他の子どもたちが朝の歌やいろいろな歌を、振りもつけて元気に歌う中、昇平はただ紙をいじっているだけで、まるで関心無しだったわけだが、「カエルの合唱」を「ちいさな声で歌おうね」と先生に言われて、歌声が低く優しくなったとたん、昇平が顔を上げて、あたりを見回したのだ。そして、『あっ、みんな歌を歌っていたんだ!』と初めて気づいたような表情をした。
歌う声としては、それまでの方がずっと大きく、圧倒的だったのだが、それは彼にとっては、単なる「うるさい雑音」としか聞こえていなかったらしい。
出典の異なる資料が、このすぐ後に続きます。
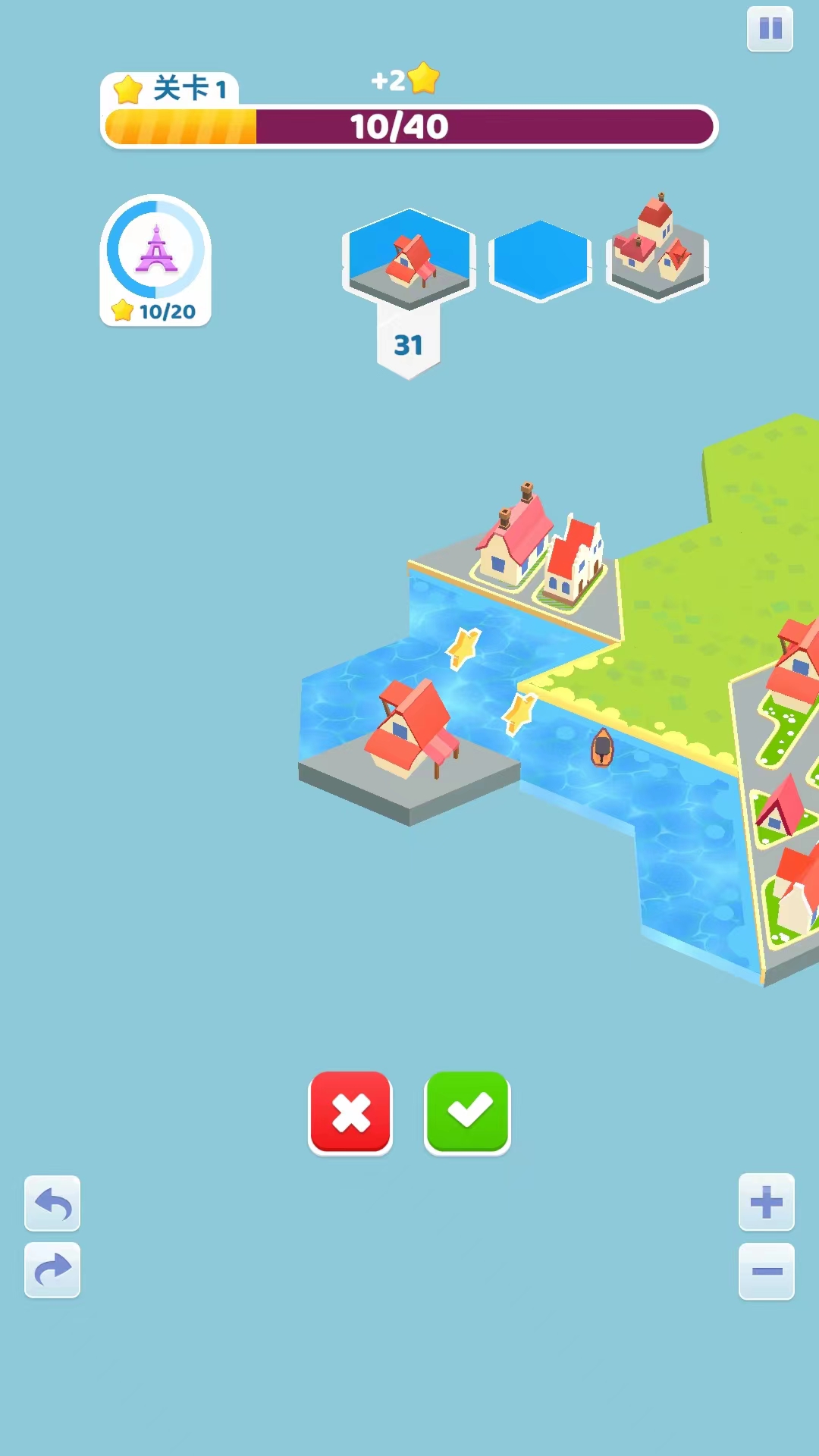 你放置的每一个板块都能为你赢得星星,随着星星数量的增加,你会解锁新的建造世界功能,如工厂、农场、石油钻井平台、纪念碑、休闲设施和其他基础设施,为你不断茁壮的世界增加多样性。

その次には「今度は大きなカエルさんだよ。大きな声で歌おうね」と言われて、子どもたちがまた大声で歌い出したのだが、昇平は家に帰ってからそっと「カエルの合唱」を口ずさみ、「大きなカエルさんだよ」と思い出したように母に教えていた。
その、歌声が低くなった瞬間に、意識のチャンネルが切り替わって、周囲に関心が向くようになったわけだ。
大学時代、音楽教材研究の講義で、「大声で元気に歌わせるだけが良い歌ではない。むしろ、大声の歌は、歌本来の良さを味わわせるのに妨げになることがある。静かな歌い方もきちんと子どもに体験させることが必要だ」と習ったことがある。
少なくとも、昇平は、大声の歌より静かな歌い方の方が歌として綺麗だと感じるらしい。
その後の様子を見ていても、「雨降りくまの子」や「カタツムリ」など、穏やかな歌になると、ニコニコと歌を楽しむ様子が見られていた。
つい、反応が鈍い子どもには、大きな声や強い刺激で反応を引き出そうとしてしまいがちになるが、時には、こんなふうに静かなアプローチもしてみて、反応を確かめるのも必要なのだな、と考えてしまった。
なかには、静かなもの、穏やかなものの方が好きな子供たちもいるわけだから。